Axminster B&B owner’s fire warning
PUBLISHED: 12:20 05 July 2012
People planning to let rooms during the Olympic Games are warned over the need to carry out a risk assessment
AN award-winning Axminster bed and breakfast operator is helping fire chiefs highlight visitor safety during the Olympics.
Many people are planning on letting out a spare room in their home for additional income while the Games are taking place.
And Devon and Somerset Fire and Rescue Service is reminding people that when someone pays to stay in their property whether it’s during the Olympics – or on any other occasion - a fire safety check needs to be carried out under the 2005 Fire Safety Order.
Joy Raymond, the owner of Hedgehog Corner B and B near Hunters Lodge, has added her voice to the safety campaign.
She said: “First and foremost I want to sleep soundly in the knowledge that me and my guests are safe. The implications of this relatively new legislation in which the owner is ‘responsible’ for Fire Safety came into force in 2006. This applies to me despite ‘only’ having three guest bedrooms on the first floor of my B and B. The sleeping six rule no longer applies and I know for a fact that many B and B owners are unaware that the new legislation applies to them.

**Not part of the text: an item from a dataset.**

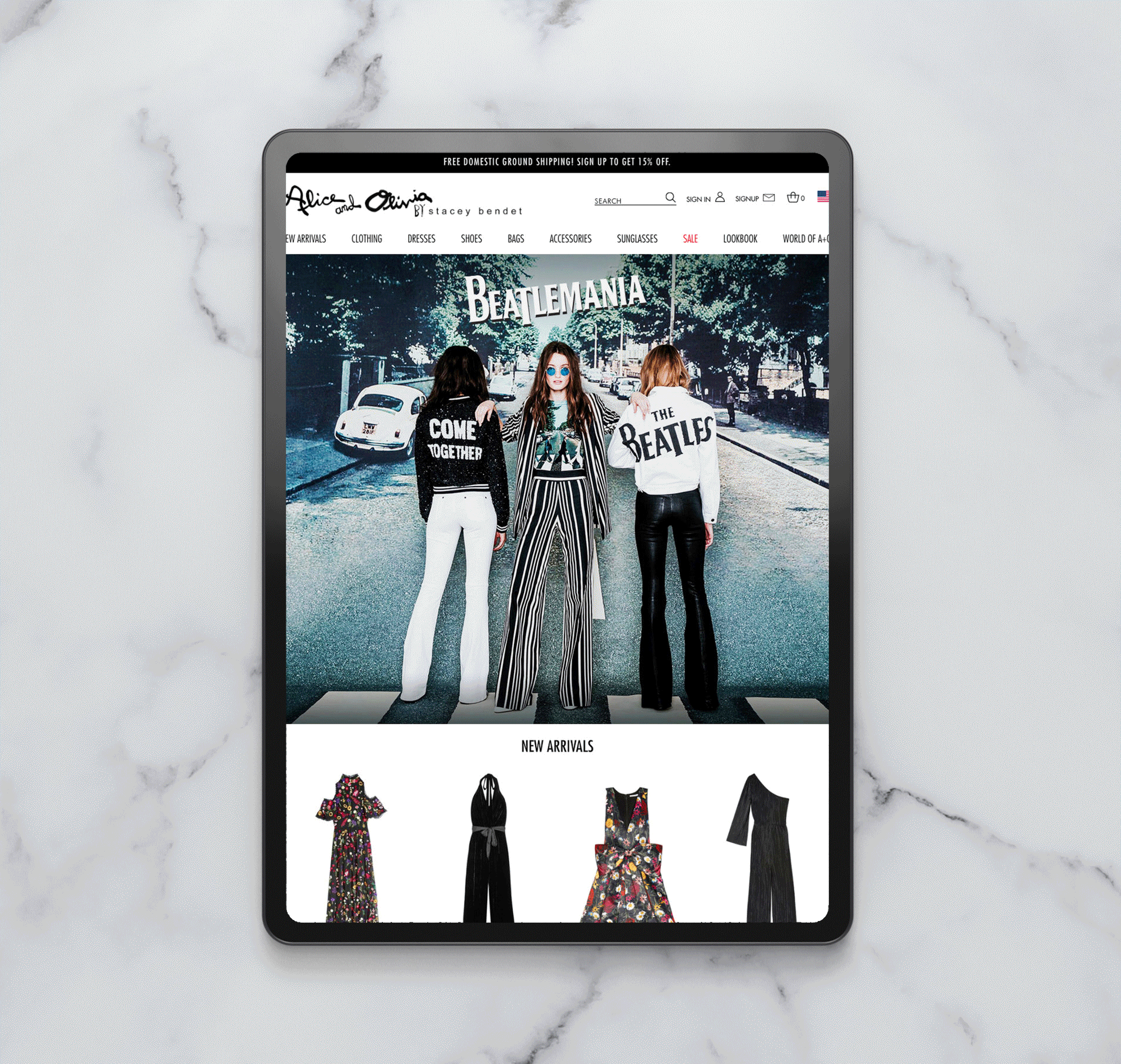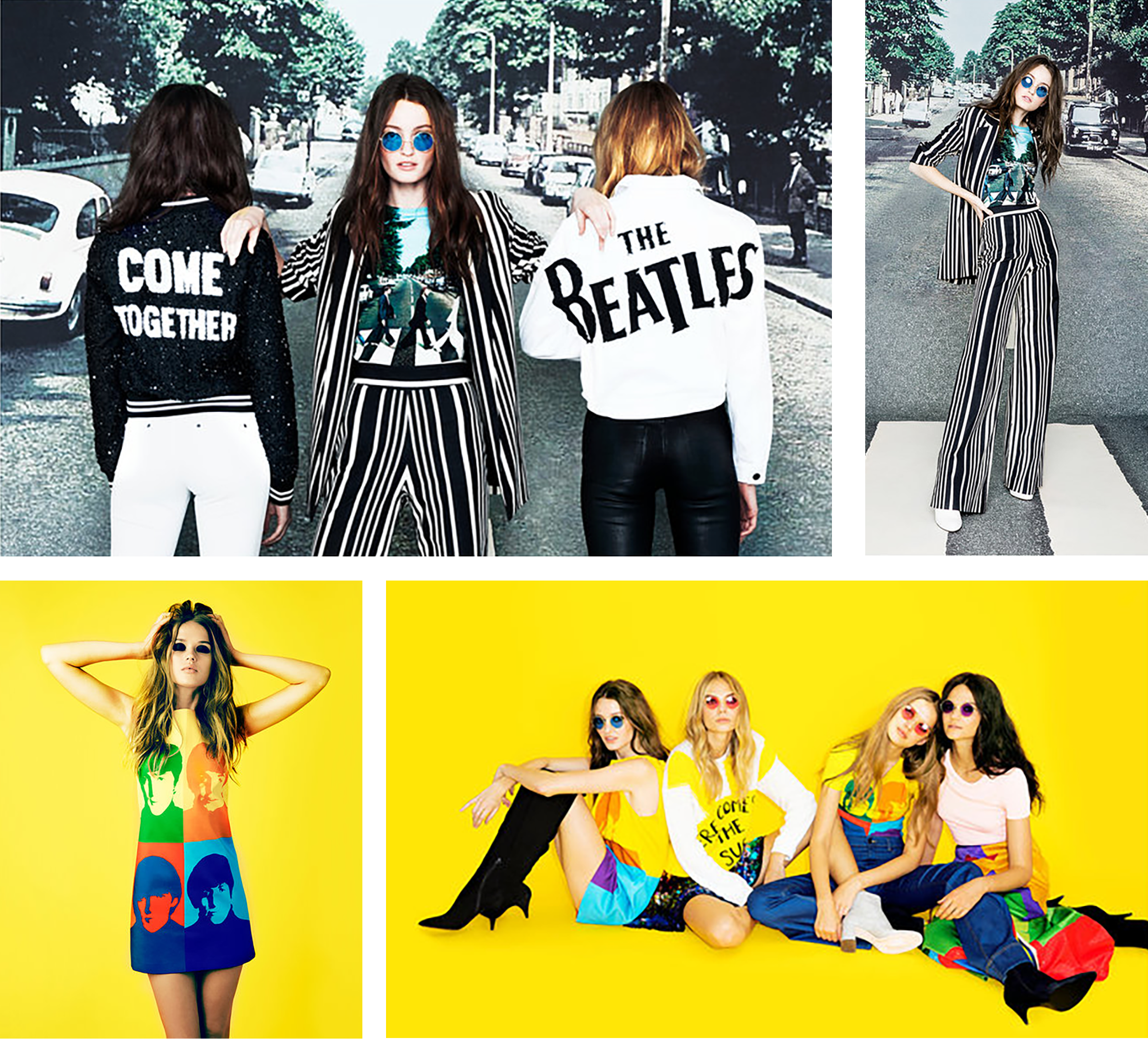 This Alice + Olivia Beatlemania campaign pays bold tribute to The Beatles, reimagining the iconic Abbey Road moment through a high-fashion lens. With vintage-inspired silhouettes, mod stripes, and statement pieces emblazoned with lyrics and logos, the styling merges rock ’n’ roll nostalgia with a modern edge. Set against a stylized crosswalk backdrop, the campaign captures the rebellious spirit and cultural legacy of the Fab Four with playful attitude and graphic flair.

“Yes, this has meant some expense such as fire doors to bedrooms and in public areas, emergency safety lighting, interlinked smoke and fire alarms, extinguishers and PAT testing to name some of the measures. However, on the bright side, it can go against tax, my property is properly protected, my customers can appreciate my professional approach to my business and most of all should an insurance claim arise I can be confident that my claim would be met.”
Paul Bray, Community Safety Protection Manager said: “If there’s a fire and guests are injured or unfortunately killed, then we would take a very robust stance in terms of prosecution.
“Landlords must be able to demonstrate they have carried out a thorough process to identify the risks and then make sure people know what to do in case of fire.
Fire chiefs say the top five key points to writing a risk assessment are to identify any hazards; identify everyone at risk; remove, reduce or protect everyone from risk; write down the results and let everyone in the house know; review on a regular basis.